The second nuance is that any headphones also inevitably have their own frequency limitations — and these limitations can be more significant than in an amplifier. Therefore, when choosing, it's ok to take into account the characteristics of the headphones: for example, you should not specifically look for an amplifier with an upper frequency limit of the full 22 kHz, if in the headphones that you plan to use with it, th...is limit is only 20 kHz.

In conclusion, also note that an extensive frequency range in itself does not guarantee high sound quality — it largely depends on other factors (frequency response, distortion level, etc.).

Coef. harmonic distortion

The coefficient of harmonic distortion that occurs during the operation of the amplifier.

Any electronic circuits are inevitably subject to such distortions, and the quality and reliability of the sound at the output depends on their level. Accordingly, ideally, the harmonic coefficient should be as low as possible. So, as a general rule, a level of 0.09% and below (hundredths of a percent) is considered good, and a level of less than 0.01% (thousandths of a percent) is excellent. The exception is lamp devices: higher values \u200b\u200bare allowed in them (in tenths of a percent), however, this point in many cases is not a drawback, but a feature (for more details, see "Lamp").

It is also worth noting that a low harmonic coefficient is especially important when using the amplifier as part of multicomponent audio systems — for example, when listening to music from a vinyl player with an external phono stage.
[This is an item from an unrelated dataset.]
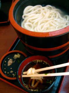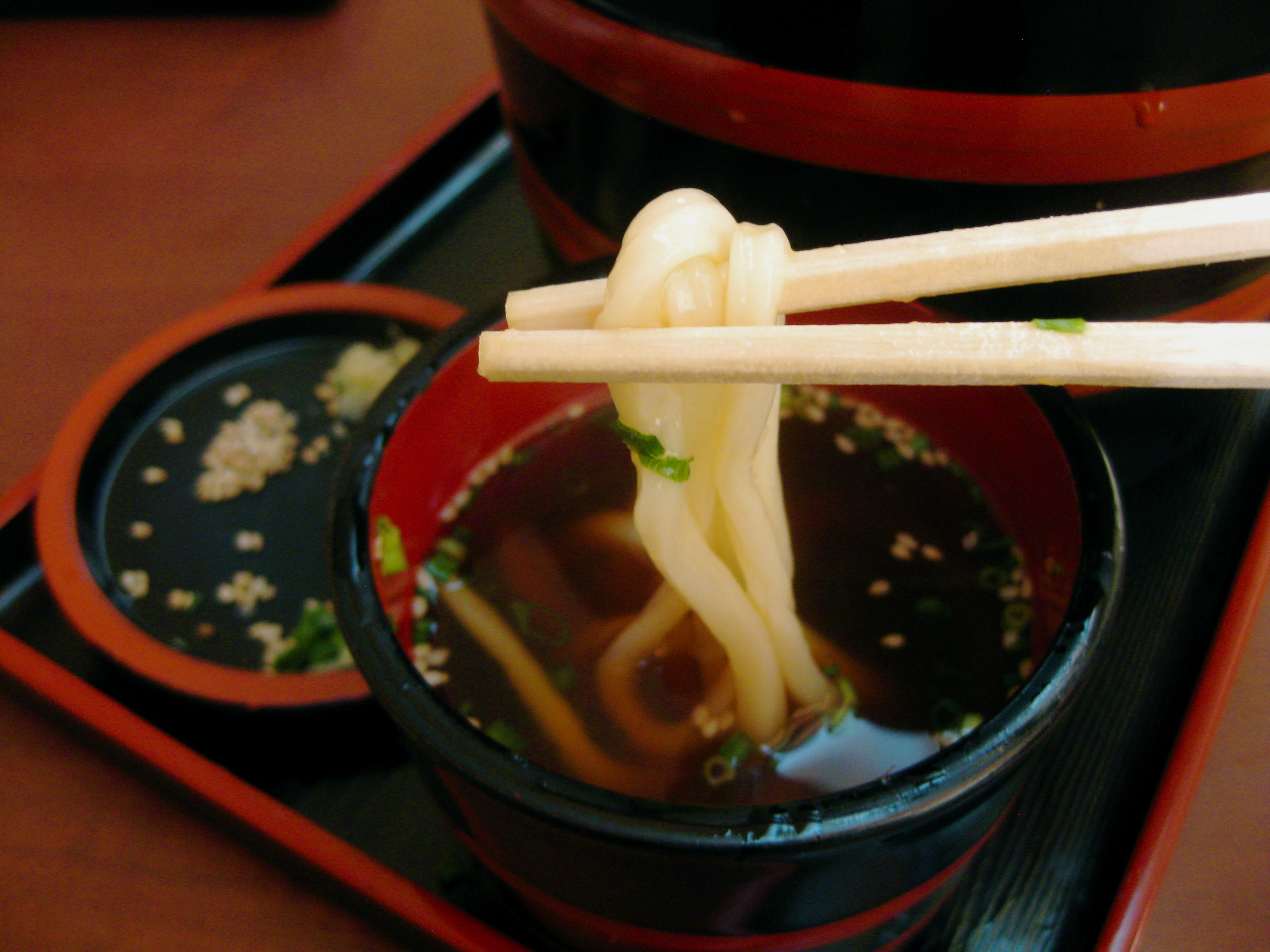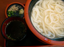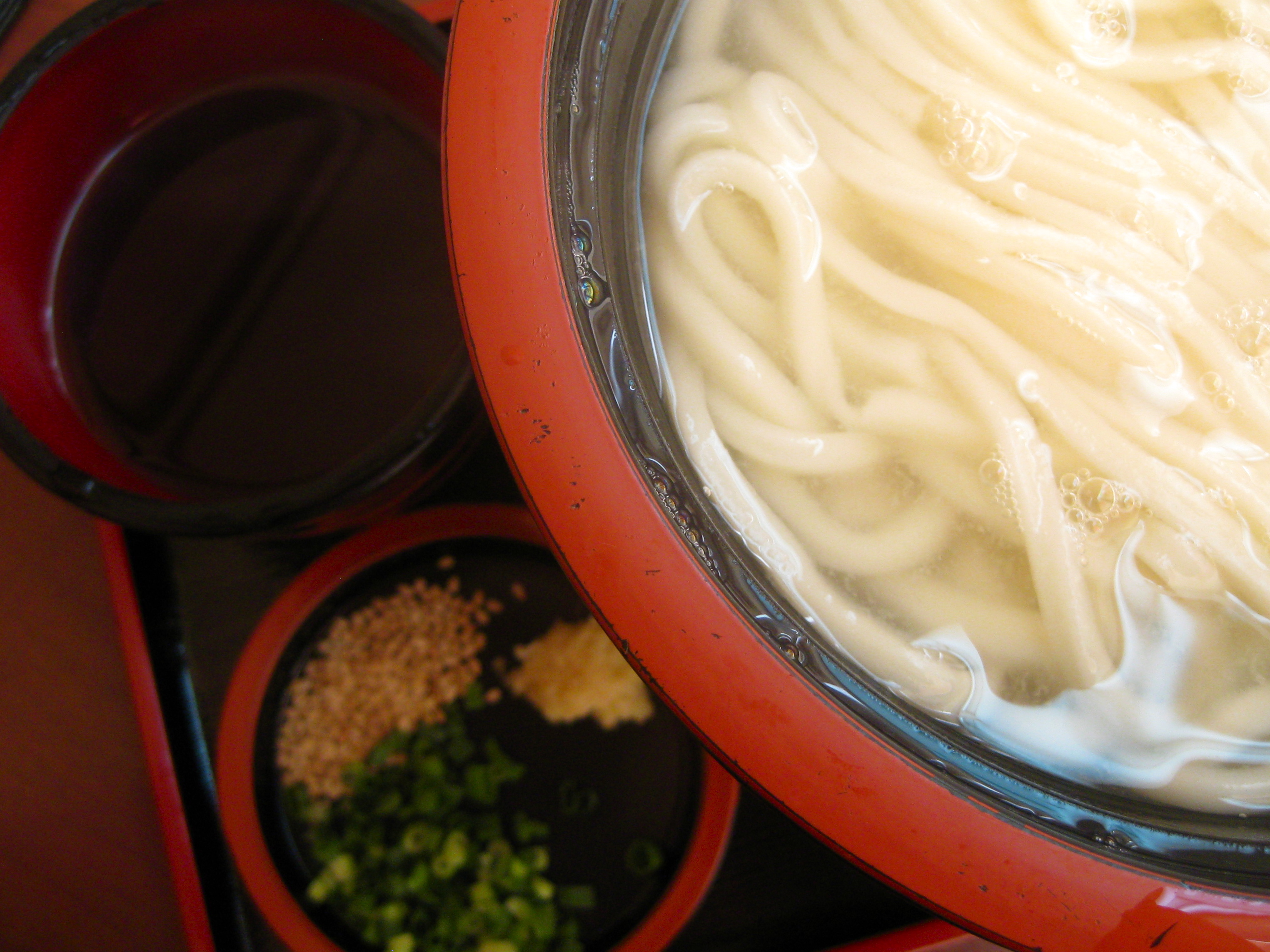 This trip, I went out of my way at least once in pursuit of a meal. Kagawa prefecture (on the island of Shikoku) is famous for a type of udon (thick wheat noodles) called Sanuki. I went to Takamatsu city, in Kagawa, for an afternoon just to walk around, explore a bit, and eat some udon.

The fact is that in such systems the sum of distortions from all components affects the final sound — and it, again, should be as low as possible.

IPhone/iPad connection

The presence in the amplifier of special features for connecting iPhone, iPad and other Apple gadgets.
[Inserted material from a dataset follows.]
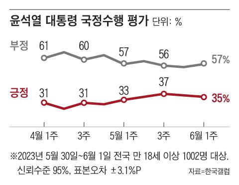 한국갤럽이 지난달 30일부터 이달 1일까지 전국 만 18세 이상 1002명을 대상으로 조사한 결과 윤석열 대통령 직무수행에 대해 35%가 긍정 평가했고 57%는 부정 평가했다. 그 외는 의견을 유보했다(어느 쪽도 아님 2%, 모름/응답거절 6%).
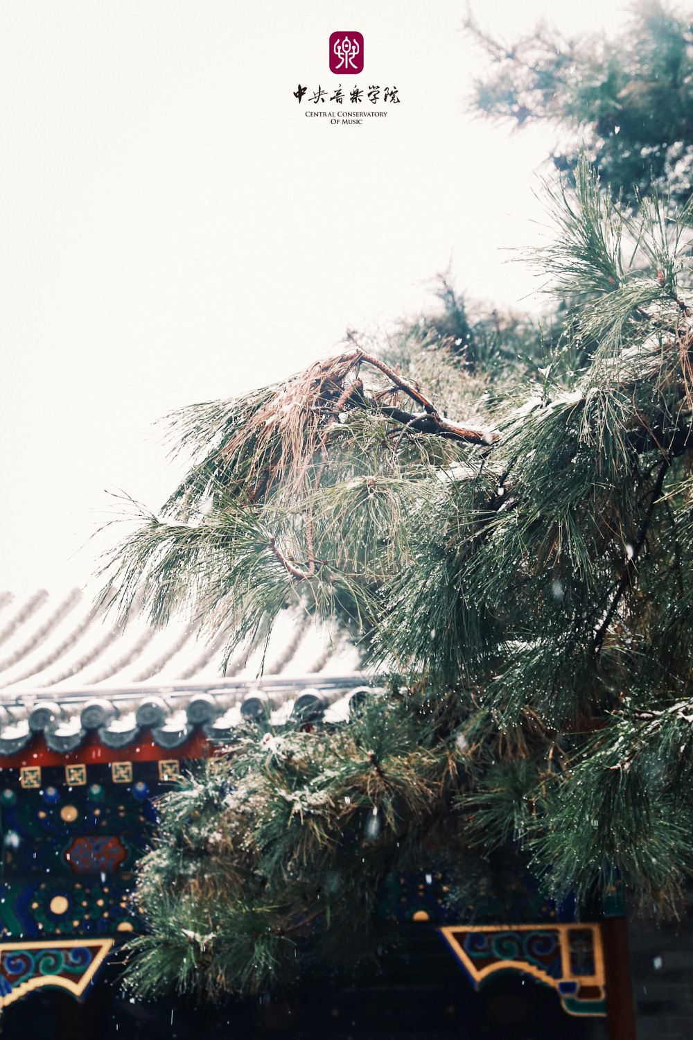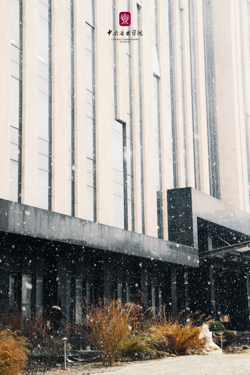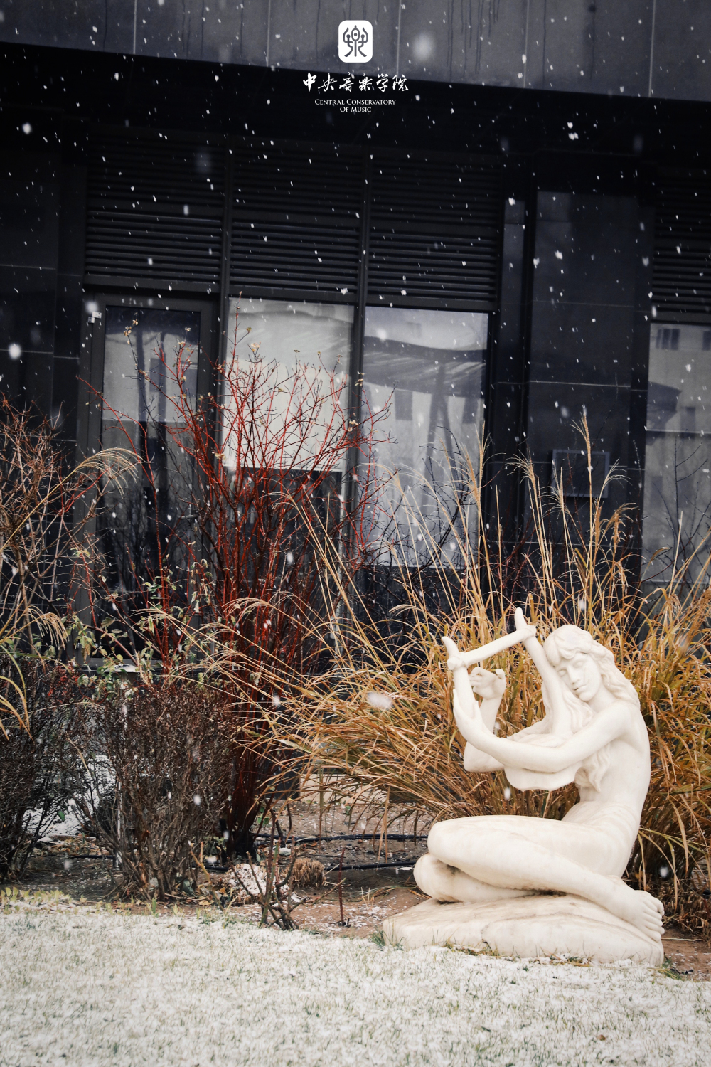 冬日的央音在纷纷扬扬的雪花中美得静谧而深沉

Usually, a standard USB port (microUSB, USB-C) is used for such a connection — the same as for other portable (or even stationary) devices. However, models with this feature are additionally optimized for use with Apple products, and may also have special functions for working with such gadgets — for example, playback control via remote control on headphones connected to the amplifier. So if you are purchasing an amplifier for use with an Apple gadget, it makes sense to pay attention to models that directly declare compatibility with such gadgets.

Equalizer

The presence of an equalizer in the design of the amplifier.

Initially, the equalizer is a regulator that allows you to change the volume of the sound of individual frequency bands and thus adjust the overall colour of the sound. However, in headphone amplifiers, this function is usually implemented in software, as follows: the settings provide several preset equalizer settings (presets), between which the user can switch at will. These presets are often created for certain genres of music (Pop, Rock, Classical, etc.) or content types (Movie, Live Concert, etc.); so the listener doesn't have to fiddle with manual adjustments — just choose the option of their choice. However, in some models, the equalizer can also be controlled manually, including creating your own custom presets. And in tube devices (see above), the equalizer controls can be completely analogue and provide only manual adjustment.
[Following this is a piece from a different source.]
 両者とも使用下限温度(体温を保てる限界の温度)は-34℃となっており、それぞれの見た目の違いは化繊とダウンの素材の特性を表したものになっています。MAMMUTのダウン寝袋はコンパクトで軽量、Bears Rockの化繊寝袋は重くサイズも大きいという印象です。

Note that the set of bass and treble controls (see above) theoretically represents the simplest two-band equalizer. However, in fact, it is customary to refer to equalizers as systems that have at least three adjustment bands (in the most advanced models, the number of bands can reach 10). It is also worth mentioning that for a number of reasons this function is used quite rarely — in particular, the equalizer electronics affect the cost of the device and increase the likelihood of interference.

Mobile app

Presence of a program to enhance the quality and volume of sound when listening through headphones. Mobile applications allow you to increase volume, adjust the equalizer, boost bass, add surround sound effects, and customize sound to individual preferences.